BEGIN

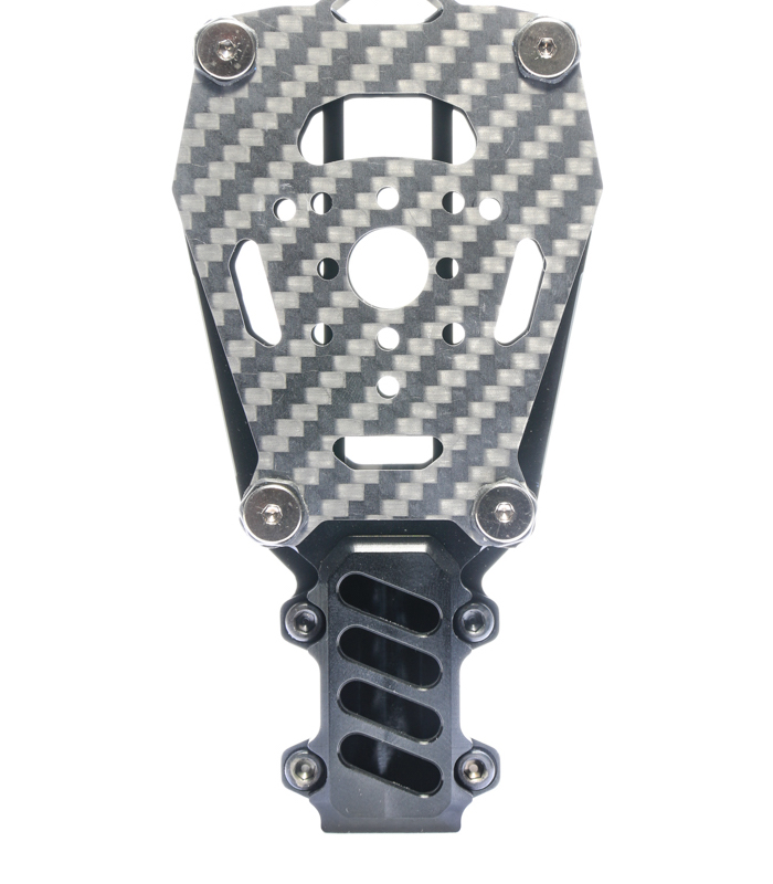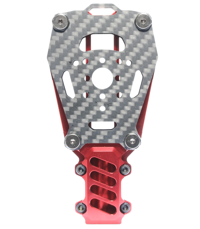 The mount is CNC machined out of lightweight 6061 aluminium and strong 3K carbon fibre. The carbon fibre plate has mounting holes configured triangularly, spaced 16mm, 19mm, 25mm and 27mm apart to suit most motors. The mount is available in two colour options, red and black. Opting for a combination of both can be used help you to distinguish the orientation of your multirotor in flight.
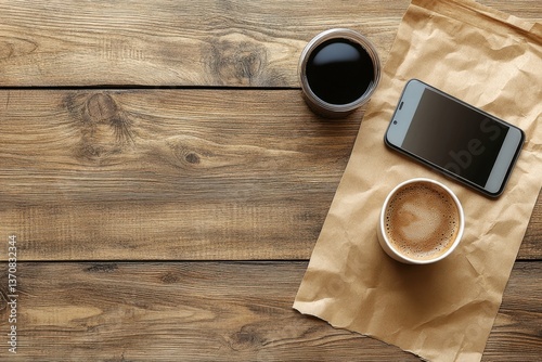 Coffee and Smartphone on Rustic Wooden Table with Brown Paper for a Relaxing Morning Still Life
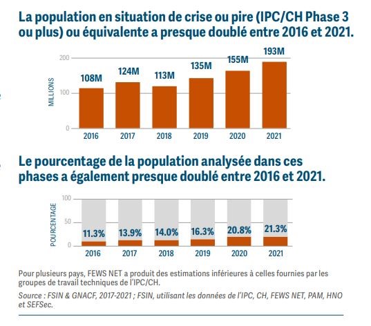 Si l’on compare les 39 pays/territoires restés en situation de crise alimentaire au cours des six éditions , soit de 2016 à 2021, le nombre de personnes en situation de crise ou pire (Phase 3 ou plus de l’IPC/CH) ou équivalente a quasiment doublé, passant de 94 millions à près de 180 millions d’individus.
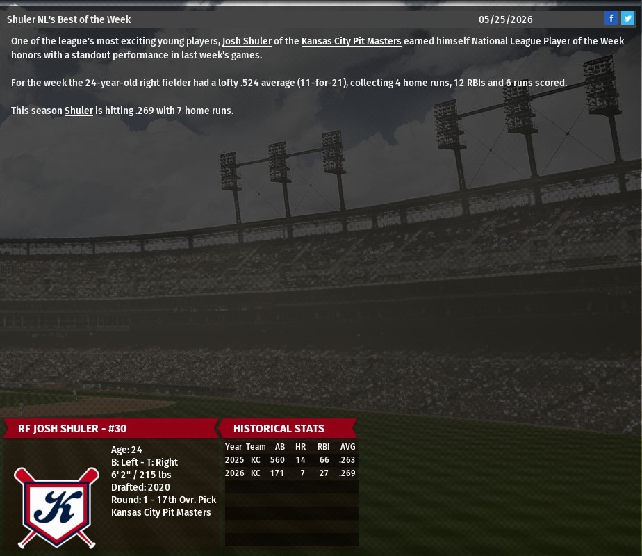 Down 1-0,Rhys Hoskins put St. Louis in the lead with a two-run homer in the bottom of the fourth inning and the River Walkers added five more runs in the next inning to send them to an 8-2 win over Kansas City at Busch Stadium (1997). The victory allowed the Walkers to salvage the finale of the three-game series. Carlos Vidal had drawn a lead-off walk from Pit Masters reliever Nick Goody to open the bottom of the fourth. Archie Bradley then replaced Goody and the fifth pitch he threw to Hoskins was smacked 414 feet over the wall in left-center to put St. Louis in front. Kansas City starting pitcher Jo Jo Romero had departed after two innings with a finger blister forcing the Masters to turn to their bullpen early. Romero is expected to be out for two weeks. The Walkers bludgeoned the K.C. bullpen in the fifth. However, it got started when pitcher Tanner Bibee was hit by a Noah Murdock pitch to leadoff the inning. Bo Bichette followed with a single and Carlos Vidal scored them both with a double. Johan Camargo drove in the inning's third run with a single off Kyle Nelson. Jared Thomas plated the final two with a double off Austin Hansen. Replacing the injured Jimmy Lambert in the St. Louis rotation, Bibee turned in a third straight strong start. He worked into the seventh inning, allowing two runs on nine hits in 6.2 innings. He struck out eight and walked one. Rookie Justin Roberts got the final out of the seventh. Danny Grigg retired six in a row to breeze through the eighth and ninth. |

END
BEGIN

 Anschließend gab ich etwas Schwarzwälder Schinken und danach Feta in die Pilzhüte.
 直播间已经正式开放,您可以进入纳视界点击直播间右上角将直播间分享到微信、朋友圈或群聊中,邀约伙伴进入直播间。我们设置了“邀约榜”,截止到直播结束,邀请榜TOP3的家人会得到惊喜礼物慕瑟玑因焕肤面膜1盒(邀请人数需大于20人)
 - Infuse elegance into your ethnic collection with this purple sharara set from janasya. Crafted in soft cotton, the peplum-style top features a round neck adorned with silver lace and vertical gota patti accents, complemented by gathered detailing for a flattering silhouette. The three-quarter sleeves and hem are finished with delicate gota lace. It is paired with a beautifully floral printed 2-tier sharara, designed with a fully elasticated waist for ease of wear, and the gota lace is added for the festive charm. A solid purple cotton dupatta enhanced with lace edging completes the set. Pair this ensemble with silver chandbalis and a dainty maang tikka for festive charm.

END

Task to carry out = There is a run of lines above from the one with "直播间已经正式开放,您可以进" to the one with "- Infuse elegance"; print exactly that run, both ends included, and nothing else.

Reply =
 直播间已经正式开放,您可以进入纳视界点击直播间右上角将直播间分享到微信、朋友圈或群聊中,邀约伙伴进入直播间。我们设置了“邀约榜”,截止到直播结束,邀请榜TOP3的家人会得到惊喜礼物慕瑟玑因焕肤面膜1盒(邀请人数需大于20人)
 - Infuse elegance into your ethnic collection with this purple sharara set from janasya. Crafted in soft cotton, the peplum-style top features a round neck adorned with silver lace and vertical gota patti accents, complemented by gathered detailing for a flattering silhouette. The three-quarter sleeves and hem are finished with delicate gota lace. It is paired with a beautifully floral printed 2-tier sharara, designed with a fully elasticated waist for ease of wear, and the gota lace is added for the festive charm. A solid purple cotton dupatta enhanced with lace edging completes the set. Pair this ensemble with silver chandbalis and a dainty maang tikka for festive charm.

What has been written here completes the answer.